Fishwick agreed, with a pensive smile. And stood close.
“We’re nearly ready. Jake… the temperature levels of the thawing process are vitally important. There’s just a few moments to go….” A quiet word was swapped with the nurse.
Jake said, “Keep talking. Before I change my mind. Please?”
Fishwick obeyed. “As it happens, Cambodia also provides the most interesting counterexample, on which I have often reflected. Indeed, a year or two ago I began to vigorously reexamine all the ancient history. For instance, I went back to Site Nine in Laos — they preserved just one site intact for researchers. And, crucially, I also visited Angkor.” He was staring into his own surgical lights. “Ah, Angkor Wat. Perhaps the greatest and most beautiful preindustrial society we know: exquisitely advanced, enchanted, a kingdom where government was truly united with the image of the divine, of the godhead—”
“The faces of the Bayon.”
“Yes.” The American tilted one of the vast surgical lights a fraction of a centimeter. “You know, the builders of Angkor even left a sign to show that they knew the importance of proper faith to civilization.”
“The diamond in the forehead of the great Bayon faces.”
The light was shining on Jake’s forehead. Fishwick answered:
“Yes. Perhaps instinctively, the builders of Angkor knew the preciousness of true religion. They even guessed where it might lie, the God module, in the head. They certainly remembered the terrors of the Black Khmer, trepanned, lobotomized, and godless… on the Plain of Jars.” There was another murmured conversation with the nurse. The surgeon swiveled, and explained: “Jake, this is it. In approximately ninety seconds, the cryoprobe will be at the correct temperature. So if you want to turn back, you need to speak up now.”
Jake’s heartbeat was chaotic: skipping with fear. He quelled his terror with another question.
“No. I want to know why you carried on with the surgeries, if you had these doubts.”
Fishwick nodded, his face a shadow behind the lights.
“Because I kept convincing myself… against the growing evidence. After all, there are so many good, solid, Darwinian explanations for why religious faith has evolved. And yet I also had evidence of the necessity of faith. People who have faith are healthier, happier, they live longer, they even have stronger immune systems. This is scientific fact. So I became… very confused.” The nurse was calling Fishwick to scrutinize a larger machine, which resembled an ECG monitor. The surgeon softly spoke to the nurse and returned to his theme. “Then, one day, quite recently, I discovered another very curious fact during my research. It’s Parkinson’s disease. People who have Parkinson’s, even the mildest form… are less likely to be believers.”

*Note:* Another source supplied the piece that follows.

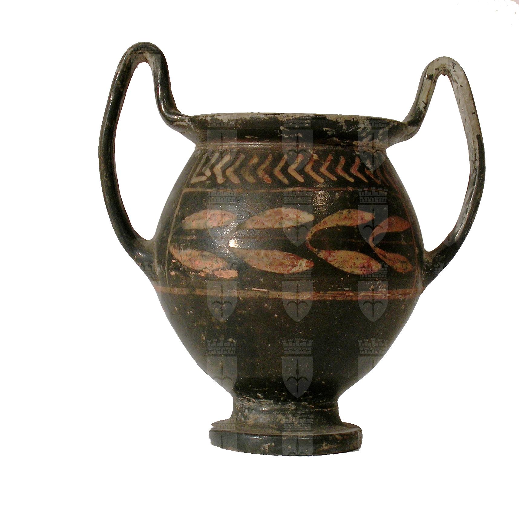 Skyphos attico a figure rosse. Decorato con grande serto d'ulivo
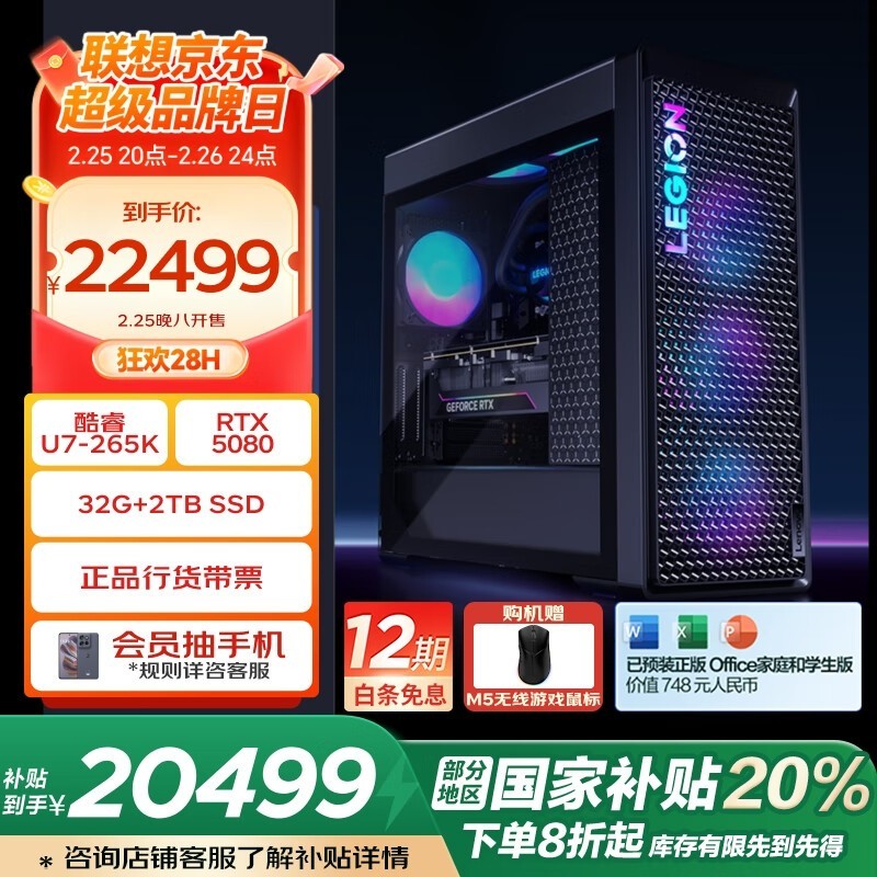 联想拯救者刃9000K 2025游戏主机U7-265K京东活动价20499元

The nurse was standing with the rubber mask, ready to hand it over.
“And that means?” Jake grasped at the last shreds of this reality. “What does that mean?”

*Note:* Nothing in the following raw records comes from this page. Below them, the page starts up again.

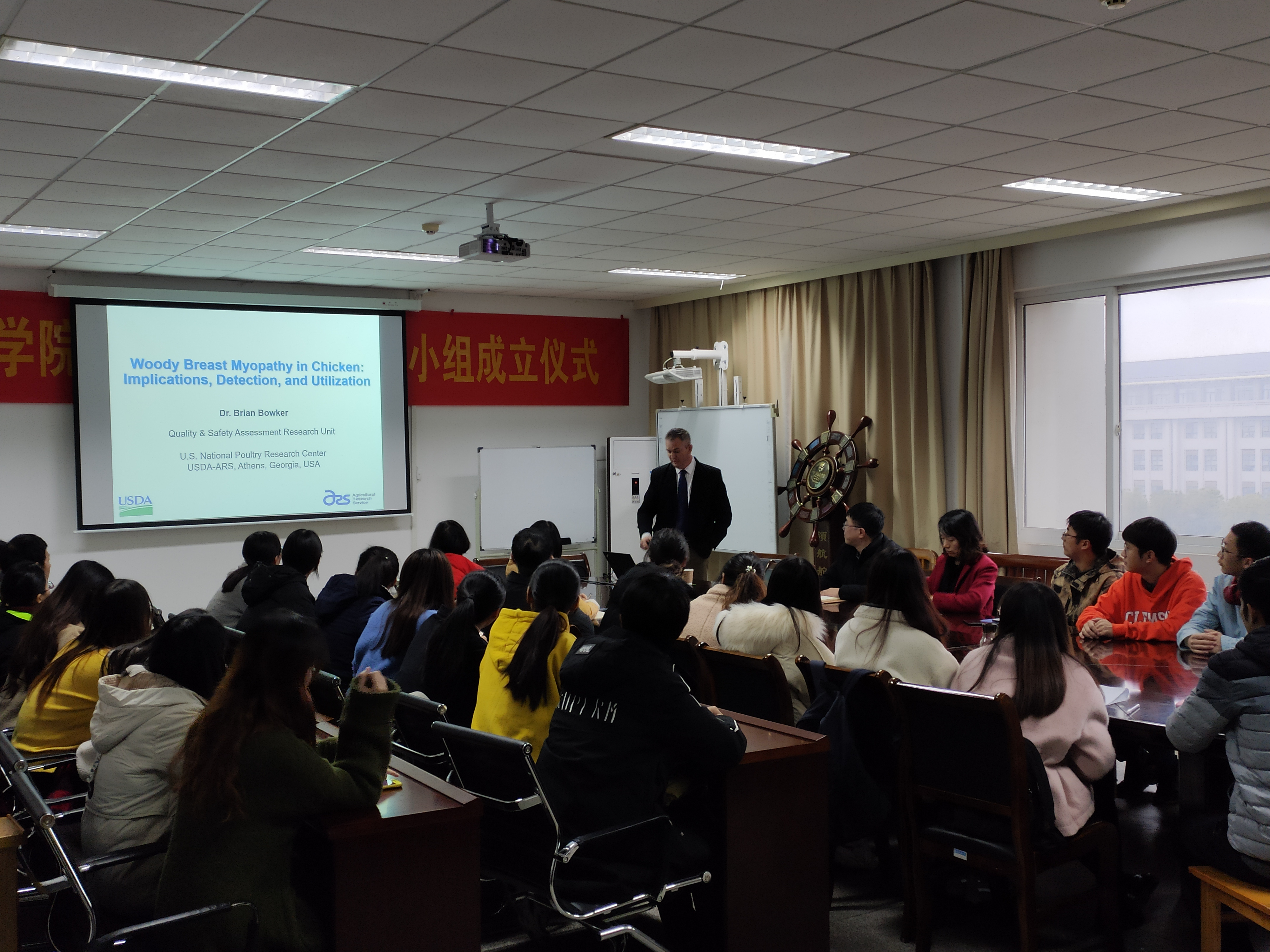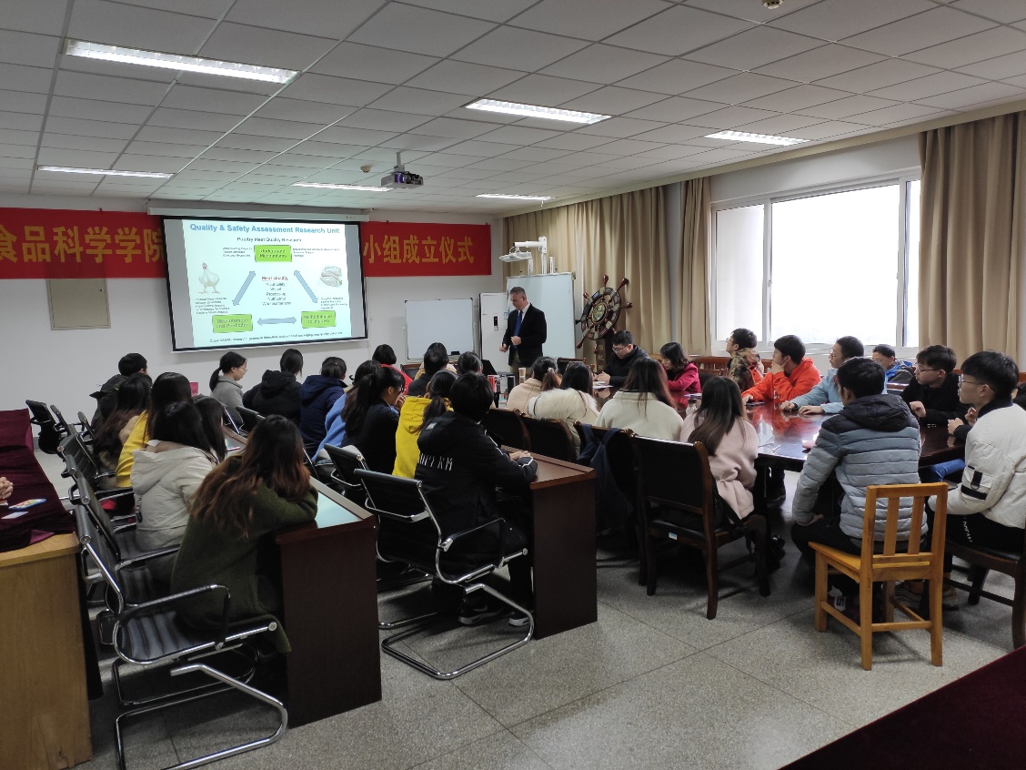 2019年12月17日下午,美国国家家禽研究中心(U.S. National Poultry Research Center)质量与安全评估研究部(USDA-ARS)的食品工程研究员Bowker教授在我院作了题为“Woody Breast Myopathy in Chicken: Implications, Detection, and Utilization”的学术讲座,讲座由食品科学学院汪振炯副院长主持,食品科学学院党总支书记贲爱玲、副院长陈全战及相关教师同学们参加了讲座。
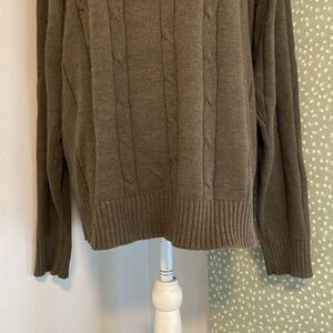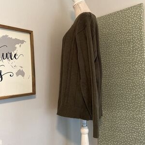 Oscar de la Renta Olive Green Long Sleeve Cable Knit Sweater Size Large
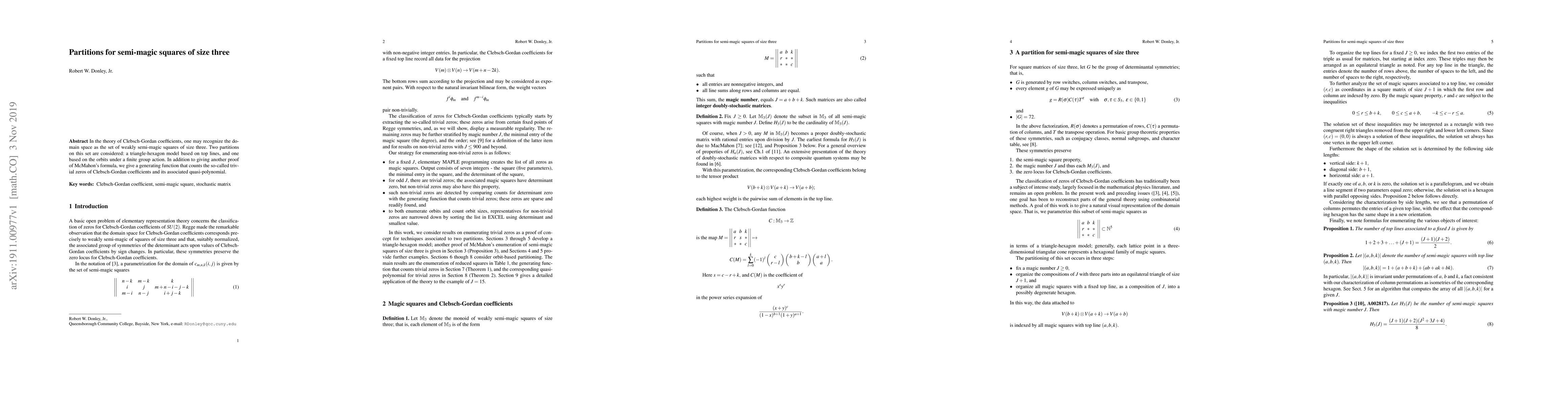 In the theory of Clebsch-Gordan coefficients, one may recognize the domain space as the set of weakly semi-magic squares of size three. Two partitions on this set are considered: a triangle-hexagon model based on top lines, and one based on the orbits under a finite group action. In addition to giving another proof of McMahon's formula, we give a generating function that counts the so-called trivial zeros of Clebsch-Gordan coefficients and its associated quasi-polynomial.

“It is therefore at least arguable that atheism is a form of dementia. Imagine that! Atheism is a kind of psychosis, a mental illness. The healthy mind is, very, very truly, a mind that believes.” An electronic chime rang across the room. “OK, Jake, that’s the signal. The temperature is critical, we need to do this… right now. We can’t wait any longer.”
“Wait, I want to know.” Even as the rubber mask of anesthesia was clamped over his mouth, Jake felt the cry of a question in his godless mind. “I still don’t know why. Why does it make us happier? Why are we meant to believe?”
But his question was met by the black silence of unconsciousness.